Installation and Setup

First, add both gems to your Gemfile:

gem 'httparty'
gem 'nokogiri'

Then install them:

bundle install

Or install individually:

gem install httparty nokogiri

Basic HTML Parsing with HTTParty and Nokogiri

Here's a simple example that fetches a webpage and parses its content:

require 'httparty'
require 'nokogiri'

class WebScraper
  include HTTParty

  def self.scrape_page(url)
    # Fetch the webpage
    response = get(url)

    # Parse the HTML response
    doc = Nokogiri::HTML(response.body)

    # Extract data using CSS selectors
    title = doc.css('title').text
    headings = doc.css('h1, h2, h3').map(&:text)

    {
      title: title,
      headings: headings,
      status: response.code
    }
  end
end

# Usage
result = WebScraper.scrape_page('https://example.com')
puts result[:title]

Advanced HTML Parsing Techniques

Using XPath Selectors

XPath provides more powerful selection capabilities than CSS selectors:

require 'httparty'
require 'nokogiri'

def scrape_with_xpath(url)
  response = HTTParty.get(url)
  doc = Nokogiri::HTML(response.body)

  # Extract links with specific attributes
  external_links = doc.xpath('//a[starts-with(@href, "http")]/@href').map(&:value)

  # Find elements containing specific text
  paragraphs_with_keyword = doc.xpath('//p[contains(text(), "scraping")]').map(&:text)

  # Get elements by position
  first_paragraph = doc.xpath('//p[1]').text

  {
    external_links: external_links,
    keyword_paragraphs: paragraphs_with_keyword,
    first_paragraph: first_paragraph
  }
end

Handling Different Content Types

def parse_response_by_type(url)
  response = HTTParty.get(url)

  case response.headers['content-type']
  when /html/
    doc = Nokogiri::HTML(response.body)
    return extract_html_data(doc)
  when /xml/
    doc = Nokogiri::XML(response.body)
    return extract_xml_data(doc)
  when /json/
    return JSON.parse(response.body)
  else
    return response.body
  end
end

def extract_html_data(doc)
  {
    title: doc.css('title').text,
    meta_description: doc.css('meta[name="description"]').first&.[]('content'),
    article_content: doc.css('article, .content, .post').map(&:text)
  }
end

Error Handling and Robust Parsing

Implement proper error handling to make your scraper more reliable:

require 'httparty'
require 'nokogiri'

class RobustScraper
  include HTTParty

  # Set default options
  default_timeout 30
  headers 'User-Agent' => 'Mozilla/5.0 (compatible; RubyScraper/1.0)'

  def self.safe_scrape(url)
    begin
      response = get(url)

      # Check response status
      unless response.success?
        return { error: "HTTP #{response.code}: #{response.message}" }
      end

      # Attempt to parse HTML
      doc = Nokogiri::HTML(response.body)

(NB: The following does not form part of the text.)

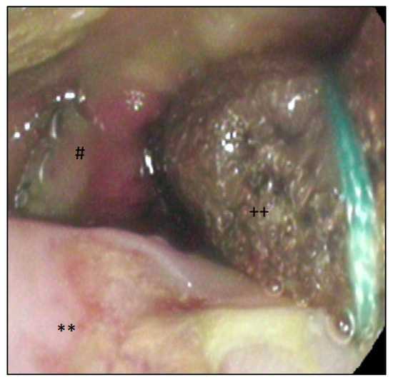 The open-pore film drainage (OFD) for endoluminal therapy was handmade, as previously described by G. Loske et al. [16], by wrapping a thin open-pore double-layered drainage film (Suprasorb® CNP, Drainage Film; Lohmann & Rauscher International GmbH & Co.KG, Rengsdorf, Germany) around the distal end of a gastric tube or the gastric segment of a nasojejunal feeding tube (Freka® Trelumina, Fresenius Kabi Deutschland GmbH, Bad Homburg, Germany). Sutures (MersileneTM, Polyester, 4 Ph. Eur., Ethicon®, Norderstedt, Germany) were used for fixation of the drainage film around the tube. Drain insertion took place via nasal positioning and endoscopic guiding with a grasper. The handmade OFD on an intestinal feeding tube is shown in Figure 2b. Venting tubes in trilumen enteral feeding tubes had to be closed for ENPT (shown with a yellow clamp #). Re-endoscopies were performed every five to seven days. Figure 3 shows the endoscopic findings after implementation of an OFD.

      # Verify the document was parsed successfully
      if doc.nil? || doc.errors.any?
        return { error: "Failed to parse HTML", parse_errors: doc.errors }
      end

      # Extract data safely
      data = extract_safe_data(doc)
      return { success: true, data: data }

    rescue HTTParty::Error => e
      return { error: "HTTP error: #{e.message}" }
    rescue Nokogiri::XML::SyntaxError => e
      return { error: "Parse error: #{e.message}" }
    rescue => e
      return { error: "Unexpected error: #{e.message}" }
    end
  end

  private

  def self.extract_safe_data(doc)
    {
      title: doc.css('title').first&.text&.strip || 'No title found',
      headings: doc.css('h1, h2, h3').map { |h| h.text.strip }.reject(&:empty?),
      links: doc.css('a[href]').map { |link| 
        { text: link.text.strip, url: link['href'] } 
      }.reject { |link| link[:text].empty? },
      images: doc.css('img[src]').map { |img|
        { alt: img['alt'] || '', src: img['src'] }
      }
    }
  end
end

# Usage with error handling
result = RobustScraper.safe_scrape('https://example.com')
if result[:success]
  puts "Title: #{result[:data][:title]}"
  puts "Found #{result[:data][:links].count} links"
else
  puts "Error: #{result[:error]}"
end

Working with Forms and Form Data

Extract form information for automated form submissions:

def extract_form_data(url)
  response = HTTParty.get(url)
  doc = Nokogiri::HTML(response.body)

  forms = doc.css('form').map do |form|
    {
      action: form['action'],
      method: form['method'] || 'GET',
      fields: form.css('input, select, textarea').map do |field|
        {
          name: field['name'],
          type: field['type'] || field.name,
          value: field['value'],
          required: field.has_attribute?('required')
        }
      end.compact
    }
  end

  forms
end

# Example: Auto-fill and submit a form
def submit_form_data(url, form_data)
  # First, get the page to extract CSRF tokens or hidden fields
  response = HTTParty.get(url)
  doc = Nokogiri::HTML(response.body)

  # Extract hidden fields (like CSRF tokens)
  hidden_fields = {}
  doc.css('form input[type="hidden"]').each do |field|
    hidden_fields[field['name']] = field['value']
  end

  # Merge with our form data
  complete_data = hidden_fields.merge(form_data)

  # Submit the form
  form_action = doc.css('form').first['action']
  HTTParty.post(form_action, body: complete_data)
end

Performance Optimization

Streaming Large Documents

For large HTML documents, consider streaming to reduce memory usage:

require 'nokogiri'

def parse_large_document(url)
  response = HTTParty.get(url, stream_body: true)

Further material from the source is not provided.